ACEとCHIの違いはどのようになっているのだろうか。CHIは3階層に分かれたパケットベースの階層型通信プロトコルを持っているという点がACEと異なる。SoC内のより幅広いデバイスを持っており、CPUクラスタ・グラフィクスプロセッサ・メモリコントローラ・I/Oブリッジなどの機能を持っており、これらの機能をCHIを使って結合することを目的としている。

CHIの特徴は以下のようになっている。

  • スケーラブルなアーキテクチャとモジュール化されたデザインにより、小さなシステムから大きなシステムまで適用できる。
  • 独立した階層によるアプローチを取っている。

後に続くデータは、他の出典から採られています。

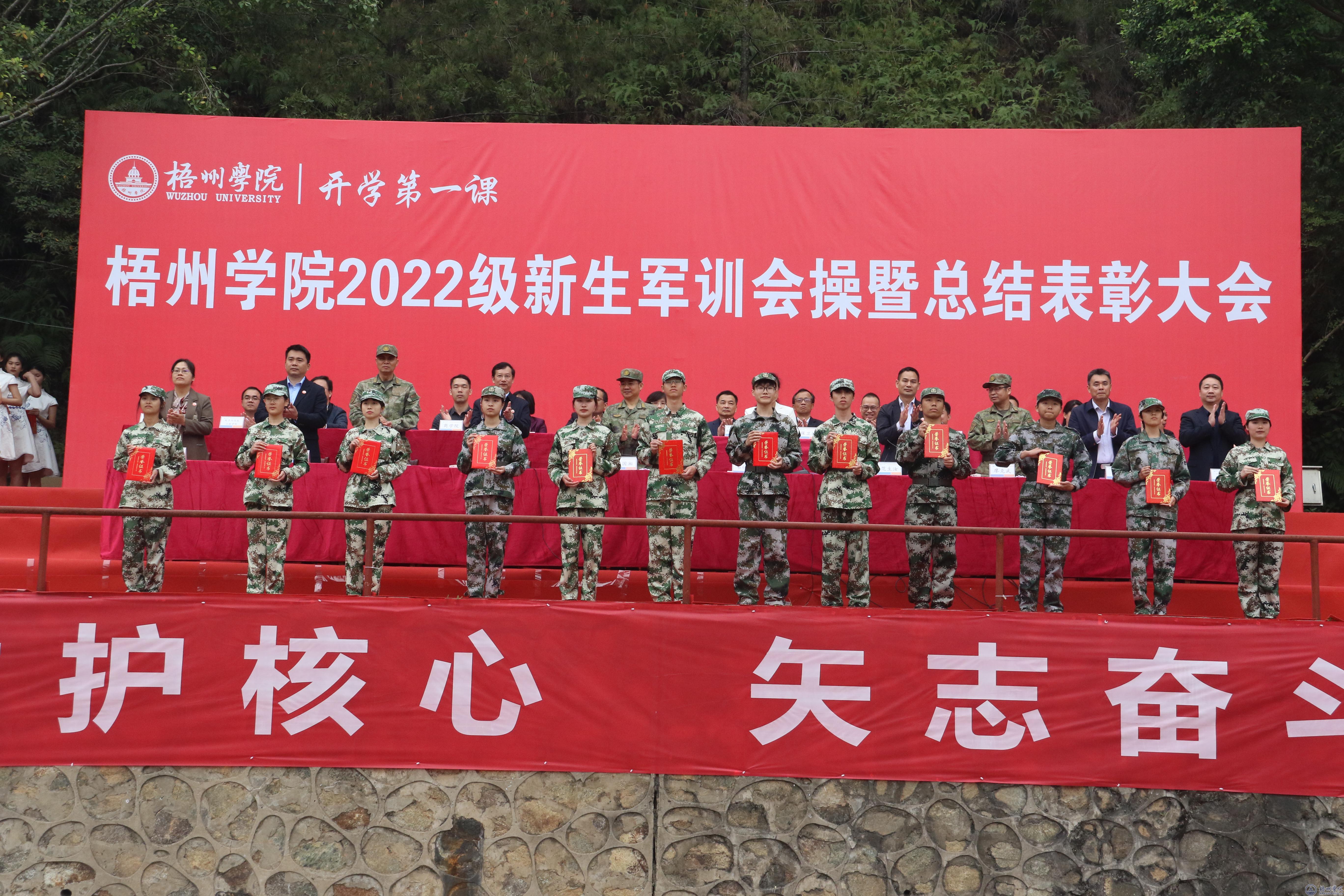 3月12日上午,学校在田径场举行“开学第一课”——2022级新生军训会操暨总结表彰大会。梧州军分区大校政治委员张国湘,我校党委书记韦仕珍、副校长麻新纯、副校长范生汝出席大会。梧州军分区战备建设处、万秀区武装部领导、梧州学院军训领导小组成员,2022级辅导员、班主任代表,全体2022级新生参加大会。大会由范生汝副校长主持。
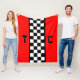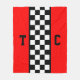 För tävla fläkt har den här filten en serie svarta och vita checkar nedåt i mitten och initialer, så att du kan anpassa dig, på båda sidor med en röd bakgrund.

プロトコル層、ネットワーク層、リンク層に分けられている。
  • パケットベースの送受信を行う。
  • スヌープ・キャッシュ・メモリアクセスなどが必要なインターコネクトベースのホームノードによりすべてのトランザクションが処理される。
  • CHIは以下のコヒーレントプロトコルをサポートする。
    • 64バイトのキャッシュライン
    • スヌープフィルタとディレクトリベースのシステム
    • MESIとMOESIキャッシュモデルにより任意のキャッシュ状態からのデータフォワーディング
    • キャッシュラインステータスを追加する
  • CHIのトランザクションは以下のものを含む
    • システムキャッシュの性能・面積・電力効率を向上させるための高機能なトランザクションタイプを含んでいる。
    • インターコネクト間でのアトミック操作・同期操作をサポートする
    • 排他アクセスの効率的な事項をサポートする
    • 効率的なデータ移動とデータの配置の転送をサポートする。
    • 分散仮想メモリ(Distributed Virtual Memory: DVM)によよる仮想メモリ管理をサポートする
  • プロトコルのリソースを管理するためのリトライリクエストをサポートする
  • エンドツーエンドでのQuality of Service(QoS)をサポートする
  • システム内でのコンフィギャラブルなデータ幅をサポートする
  • トランザクション単位でのARM TrustZoneをサポートする
  • 送信トランザクションフローの最適化
  • エラー通知システムによりシステムの信頼性と整合性を確保する
  • 電力対策

CHIのレイヤ

CHIは以下のレイヤから構成される:

CHIのトポロジ

CHIはトポロジを一般的に定義せず、どのようなトポロジでも動作することができるということになっている。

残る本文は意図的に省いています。